Here’s what it looked like when I was there last week.

I’d been at a trade show for three days and was still shaking off my jet lag when we arrived at the spa on Wednesday night. I changed into my bathing suit in the surprisingly co-ed dressing room and made a bee line for the pool. The water was around 35° C, salty and slightly effervescent. The main pool had a slight current and moving around in it was effortless. Provided I wanted to move in the direction of the current that is.

The pool extended through two small openings into the great outdoors. And I ventured outside almost immediately. It was around -5° C that night and it was snowing, a pretty brutal night under usual circumstances. However, I was in a 35° C pool and despite the fact that my hair froze within a couple of minutes, I was warm and comfortable.

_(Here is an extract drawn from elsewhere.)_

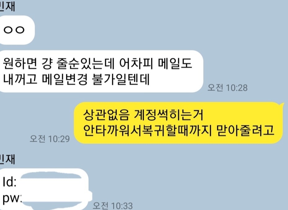 이것은 제가 나눴던 대화내역의 일부이자 계정을 받은 부분입니다.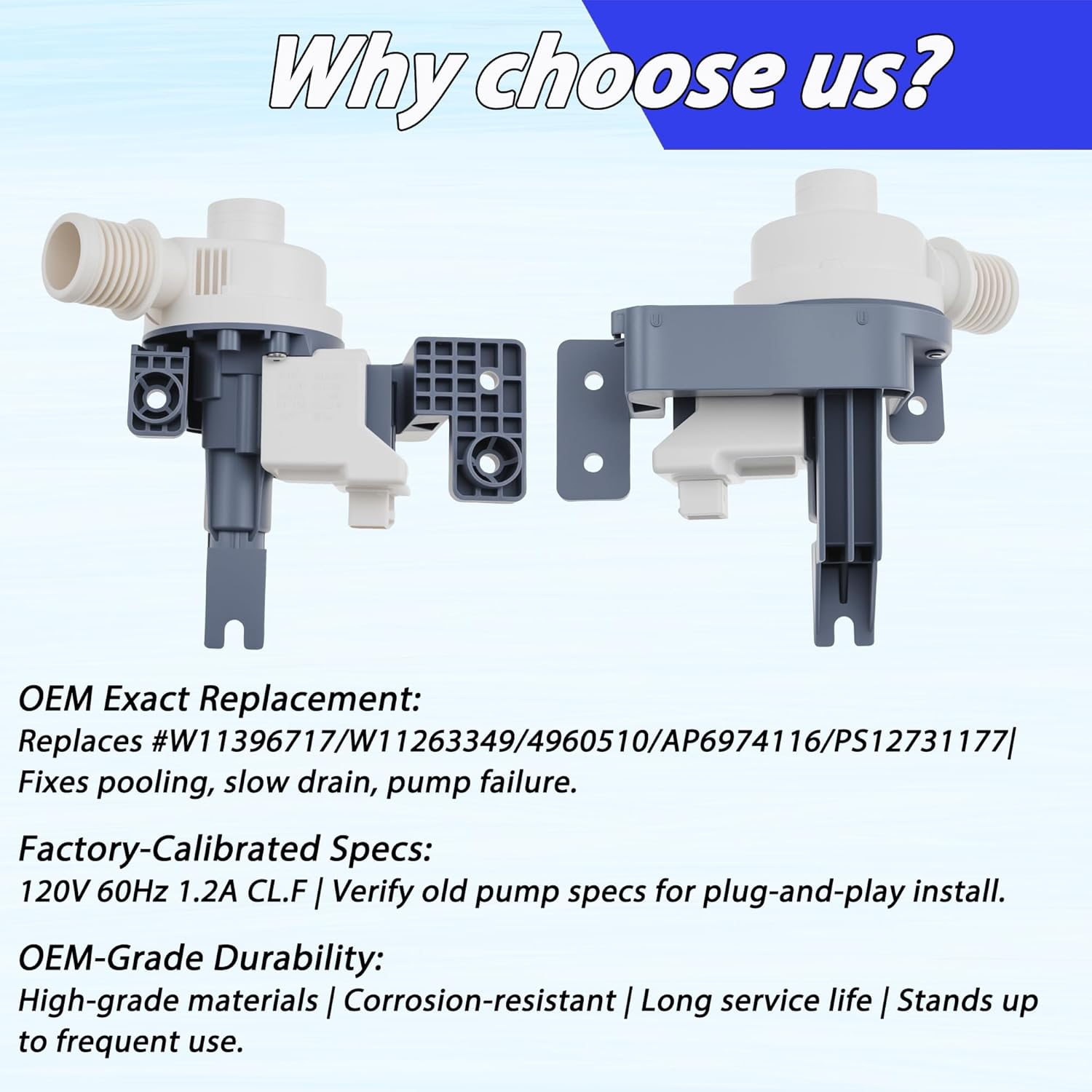 | Included Components | 1*W11396717 W11263349 Washer Drain Pump |

The source of the current was pretty evident once I got outside. There was a circular section of the pool that surrounded a raised hot tub. The current whipping around that circle was pretty strong and the idea of it is to provide resistance for people who want to swim for exercise. I had other ideas.

I turned over onto my back and let the current lead me in a circle as I floated with my eyes closed. It’s the position I assume almost immediately when I’m in the Gulf of Mexico and I find it to be one of the ways to get me to relax completely. In the mineral-rich waters of the Claudius Therme, my face and chest were above the surface of the water and it was beyond incredible to be warm and to have snow falling on my face and chest at the same time. I floated like that for about an hour. It was the very definition of the term “bliss.”

Like most spas in Germany, the Claudius Therme has a no clothing policy when it comes to spending time in the saunas and steam baths. I’ve never thought of myself as a prude, but the idea of taking off my clothes in front of a room full of strangers was unsettling. My discomfort at the thought was all the cue I needed to know that I had to do it.

As I mentioned earlier, I never think of myself as a prude but my damn American comes out pretty regularly when I’m traveling. I went up to the sauna and steam area of the spa and my American assumption was that the clothing-free areas were segregated by sex. They weren’t.

But hey, I was in Germany and at a thermal bath for crying out loud. I’d probably never have the opportunity confronting me again, so I decided to just keep going with it.

When I let my bathrobe drop, something interesting happened inside my head. I wasn’t sure how I’d respond and after a moment of discomfort, I found that it was oddly empowering to be naked in public.

There were no gym bodies on display, let me tell you that. I was naked with a bunch of other middle-aged people and all of us had our best years behind us. It didn’t matter that none of us were perfect. All that mattered was that we were. As an American, I grew up with an inherent suspicion of nudity. In the American mind, nudity is always a prelude to sex. It’s a foolish and limiting way to see the world. To the Germans in whose midst I found my naked self, sexuality didn’t play into it at all.

Being naked in a spa is the absolute opposite of sexual. It’s deliberately anti-sexual and to my mind a bit of a paradox because it stood in such stark opposition to how I’d been raised and socialized. Yet there we were in all of our pot-bellied, sagging glory. The mood could be summed up as “this is what I look like, deal with it.”

It was a refreshing change from my native, appearances- and sex-obsessed culture. It seems to me to be a healthier way to approach life.

I noticed two men talking in the sauna, they were clearly friends and were catching up. Despite the healthier outlook I was forcing myself to adopt, I couldn’t imagine me sitting next to any of my friends while naked in a sauna. Some cultural baggage is just too ingrained.